8 thoughts on “Redacted Version of the January 2014 FOMC Statement

    1. Actually, my calculation should have been 2.56% — I was eyeballing it on the graph. But when I compare the two series, theirs ranges from 12 bp higher than mine (in the depths of the crash in 2008) to 1 bp lower. No, I don’t know why, but I will e-mail the guys at FRED.

      Maybe it could be semiannual yields need to be annualized? Rounding seems unlikely, but not impossible. Or maybe they are working off a more complex model that estimates the 5 & 10 year zeroes for TIPS and Nominal bonds.

      1. I made the semiannual correction, and things are better, now it varies from 7bp higher (Nov 2008) to 3 bp lower (Dec 2012). I even get 2.59% for yesterday.

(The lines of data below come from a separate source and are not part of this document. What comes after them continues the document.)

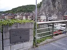 In 1914, the town had a population of 7,000 people and was an important strategic crossing on the Meuse, where the river flows through a south–north gorge. Three roads and a path converged on the town from the east, over an escarpment and down into the town, along which an attack from the east would come. The wooded ridge on the east bank was topped by the Napoleonic era stone Citadel of Dinant overlooking the town and the Meuse bridge, 100 m (330 ft) below.[1] In 1914 there was a ribbon of streets about 4 km (2.5 mi) long on the east bank, a few hundred metres wide.[2] Before the battle, the Mayor of Dinant urged the population to not take part in the fighting and forbade manifestations in support of the Allies.[3]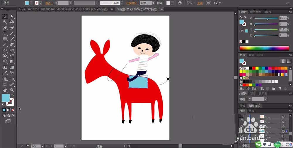 5、用天蓝色填充驴子的背上的坐垫的路径,用粉色与白色填充小孩的衣服路径。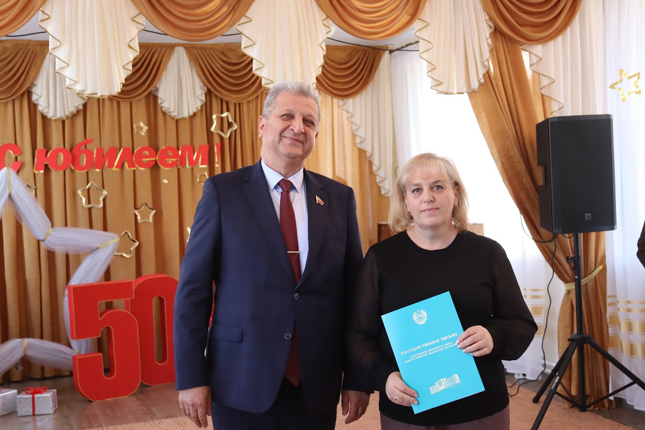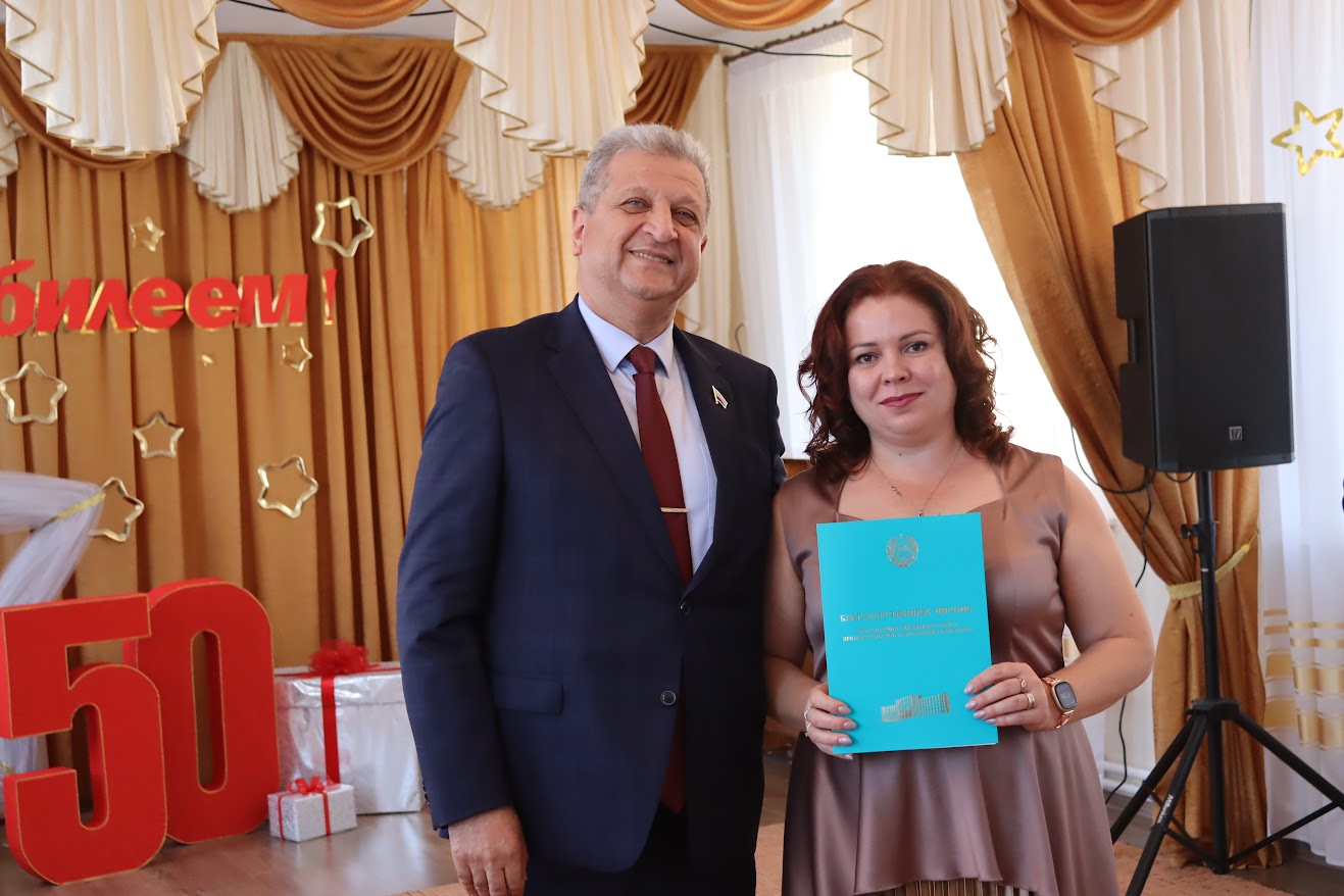 От имени Верховного Совета ПМР с полувековым юбилеем детского сада коллектив поздравил депутат Верховного Совета ПМР по избирательному округу №11 «Центральный» Борис Герман. Он отметил, что за пятьдесят лет через заботливые руки педагогов прошло огромное число детей, и каждый ребенок здесь воспитывался в тепле, заботе и любви. Большой группе воспитателей, логопедов, техническому персоналу парламентарий вручил Благодарственные письма Председателя Верховного Совета ПМР Александра Коршунова.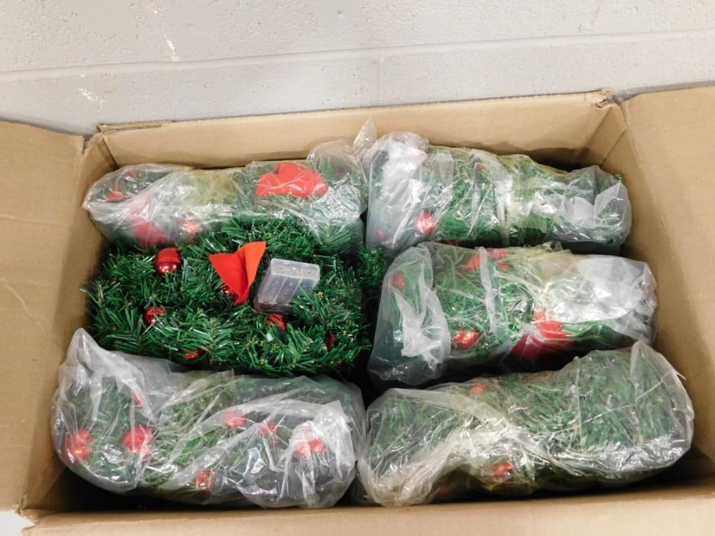 Box of Christmas Garland Pre Lit with Red Decorations Appears New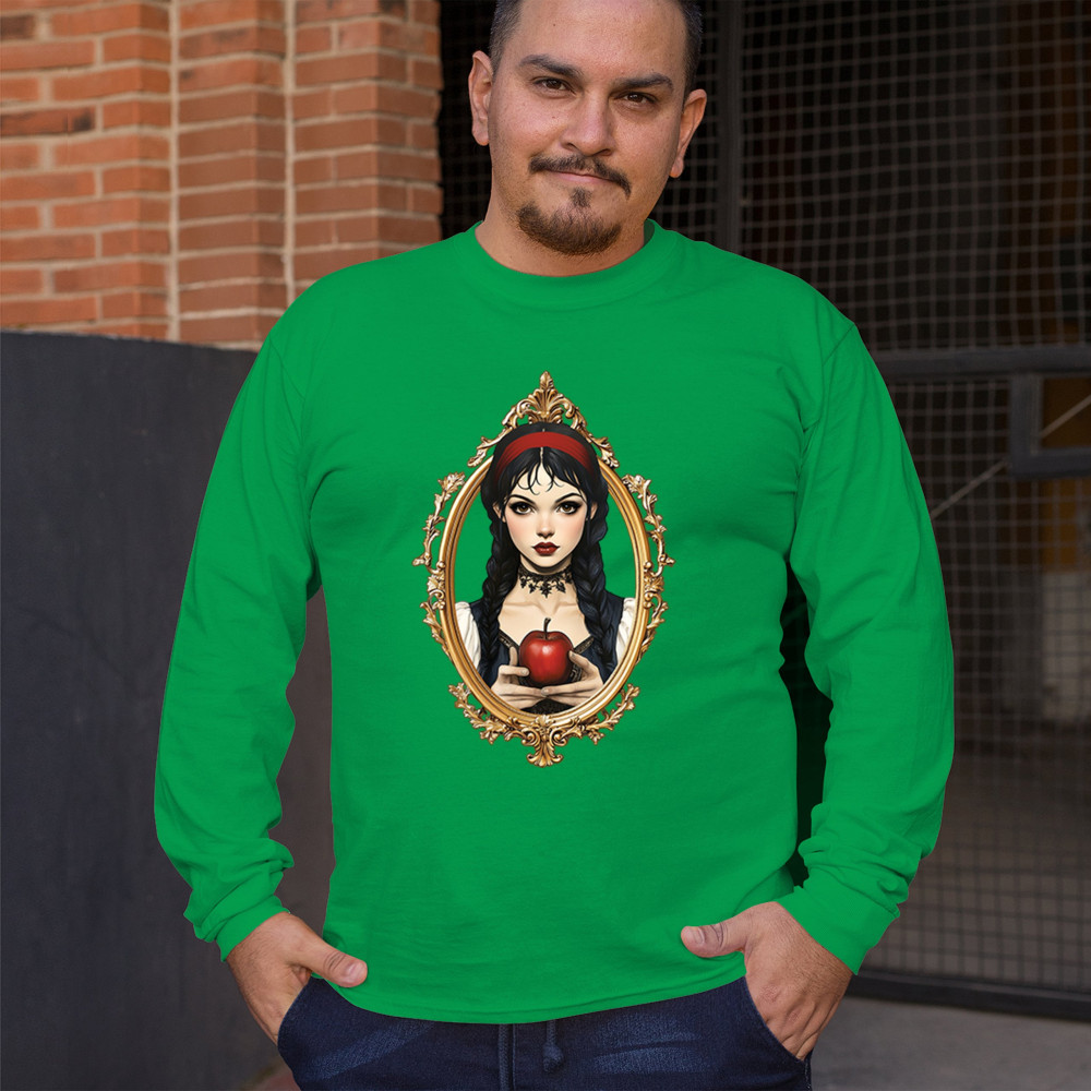 This enchanting design brings to life a gothic-inspired girl holding a red apple, encased in a regal vintage mirror frame. With elements pulled from Snow White, fairytales, and fantasy symbolism, it blends innocence and temptation with dark romanticism. Perfect for dreamers, collectors, and lovers of magical narratives and visual elegance.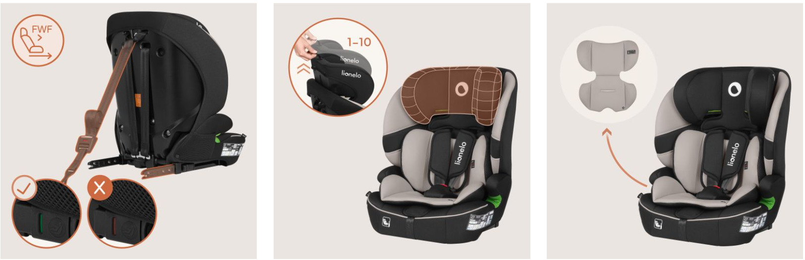 Scaun auto i-Size, Lionelo, Billy , 76 - 150 cm, 1/2/3, Isofix + top tether, Tetiera reglabila in 10 pozitii, Insertie ergonomica, Tapiterie lavabila, Testat la impact, Baza lata, Conform cu R129, Bej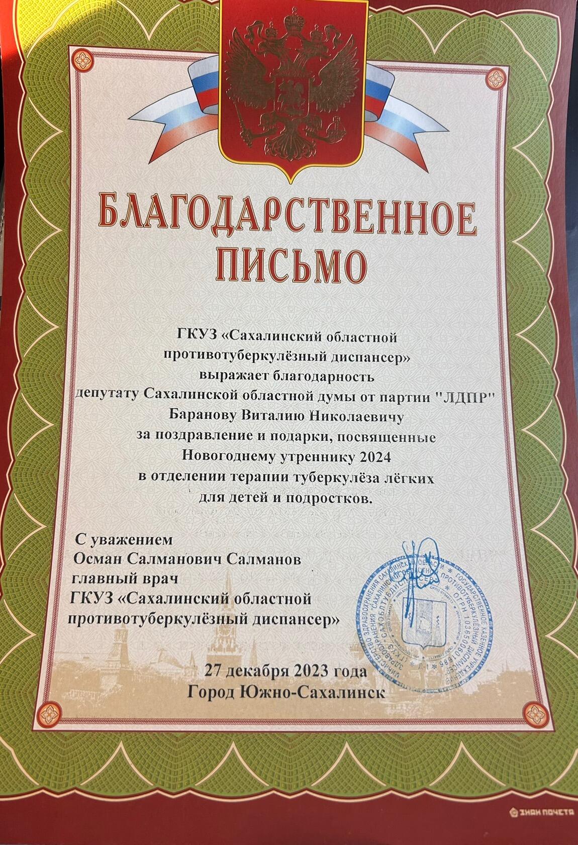 В процессе мероприятия главный врач ГКУЗ «Сахалинского противотуберкулезного диспансера», Осман Салманов, выразил свою благодарность Виталию Баранову за теплые поздравления и подарки для детей и подростков, а также вручил ему благодарственное письмо. Это подтверждение того, что такие акции приносят радость и надежду в сердца детей, которые находятся в трудной ситуации из-за болезни.

Will ask FRED on the rest. Thanks for asking.

    1. Treasury bonds pay half their interest twice a year (semiannual). Inflation figures are annualized. If i is the semiannual interest rate, then the annualized interest j rate would be:

      1+j/100 = (1 + i/200)^2

      or

      j = (((1 + i/200)^2 – 1)*100

      Anyway I’ve talked with the people at FRED, and they wrote:

      This is the formula we use to construct the series.
      (((((1+((DGS10-DFII10)/100))^10)/((1+((DGS5-DFII5)/100))^5))^0.2)-1)*100

      DGS10, DFII10, DGS5, and DFII5 are the 10 year nominal and inflation adjusted 10 year, and 5 year treasuries. All of those are the actual series IDs in FRED.

      I wrote back:

      I must admit, I am surprised at subtracting the rates, and not factoring in the semiannual correction. Take a look at my formula, I think it is closer to correct:

      http://research.stlouisfed.org/fred2/graph/?g=rB5

      (((((1+DGS10/200)^2)/((1+DFII10/200)^2))^2)/(((1+DGS5/200)^2)/((1+DFII5/200)^2))-1)*100

      Please pass this on to whoever handles this — the difference isn’t big, but I think mine is right. I’m a former actuary, and I know the bond math, though maybe I don’t get something here.